The grass roots organization had at it's core Dr. Dean, not Mr. Trippi.
Adding the internet to the mix was obvious, not withstanding priceline.com's patent because they crossed out "fax" and replaced it with "internet".
Trippi burned through 40 million dollars (a lot of which directly profitted his firm) on ads that were dreadful enough that the distributed base was balking at making more donations.
Ad to that Trippi's record of scorched earth, but ultimately unsuccessful insurgent campaigns (Jerry Brown for Gov in the early '90s), and it's not necessarily a bad thing that he left.
Iowa and New Hampshire were poorly managed.
I like to think of this as something very much like a dot com bust, though I hope (I'm a Dean Precinct Manager) that it's one of the few that reorged, as opposed to the ones that vanished.
Great. A while back I posted saying I liked Dean's campaign model but not Dean himself.

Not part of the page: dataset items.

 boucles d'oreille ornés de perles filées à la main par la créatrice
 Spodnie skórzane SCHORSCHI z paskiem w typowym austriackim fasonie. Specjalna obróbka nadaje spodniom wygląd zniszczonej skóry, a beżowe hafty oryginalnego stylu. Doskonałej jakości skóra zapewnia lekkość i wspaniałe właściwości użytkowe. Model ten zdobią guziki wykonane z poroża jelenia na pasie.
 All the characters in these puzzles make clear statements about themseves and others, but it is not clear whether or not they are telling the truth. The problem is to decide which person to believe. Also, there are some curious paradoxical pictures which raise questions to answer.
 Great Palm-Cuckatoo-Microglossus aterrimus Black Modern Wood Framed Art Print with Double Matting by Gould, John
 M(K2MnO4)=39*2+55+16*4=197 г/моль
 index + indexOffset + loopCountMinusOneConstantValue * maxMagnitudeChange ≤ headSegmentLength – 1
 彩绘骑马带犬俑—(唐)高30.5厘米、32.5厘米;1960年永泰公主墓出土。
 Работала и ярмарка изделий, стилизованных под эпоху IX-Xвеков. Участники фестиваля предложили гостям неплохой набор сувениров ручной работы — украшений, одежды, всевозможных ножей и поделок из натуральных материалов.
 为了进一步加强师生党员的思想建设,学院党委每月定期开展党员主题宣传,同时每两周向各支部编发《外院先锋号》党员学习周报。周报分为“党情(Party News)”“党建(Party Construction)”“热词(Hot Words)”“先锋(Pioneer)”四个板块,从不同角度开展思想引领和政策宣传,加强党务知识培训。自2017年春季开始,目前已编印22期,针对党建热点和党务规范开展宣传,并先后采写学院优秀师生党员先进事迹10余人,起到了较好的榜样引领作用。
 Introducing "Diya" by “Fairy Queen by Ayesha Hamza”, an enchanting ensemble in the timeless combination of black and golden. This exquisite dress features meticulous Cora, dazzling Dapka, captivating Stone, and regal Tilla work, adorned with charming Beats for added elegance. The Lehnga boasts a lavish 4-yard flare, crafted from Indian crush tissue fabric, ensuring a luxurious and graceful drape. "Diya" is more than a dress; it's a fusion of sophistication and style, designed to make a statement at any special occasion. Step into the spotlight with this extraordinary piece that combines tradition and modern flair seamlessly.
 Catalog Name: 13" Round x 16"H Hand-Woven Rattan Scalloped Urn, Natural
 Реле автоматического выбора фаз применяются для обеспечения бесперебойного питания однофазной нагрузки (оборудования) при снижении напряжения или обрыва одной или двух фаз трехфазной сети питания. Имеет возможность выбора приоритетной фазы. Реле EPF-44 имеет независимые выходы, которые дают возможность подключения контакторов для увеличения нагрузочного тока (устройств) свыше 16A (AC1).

Oops.
I wonder how many of Dean's decentralized group of campaigners/supporters will see this as a total turn off and flock to someone else. (Or worse yet, to nobody at all.)
An addition that I forgot:
I think that Trippi is a genius at getting insurgent campaigns off the ground, but I don't think that his record regarding wins is anywhere near as good.
Also, unlike most of the dot-bombs, I think that the product (Dean) is a viable one, which is why I think that this is salvagable.
It would be one thing if he said he was just firing and replacing Trippi.
It's another to flop to centralized just like all the other guys.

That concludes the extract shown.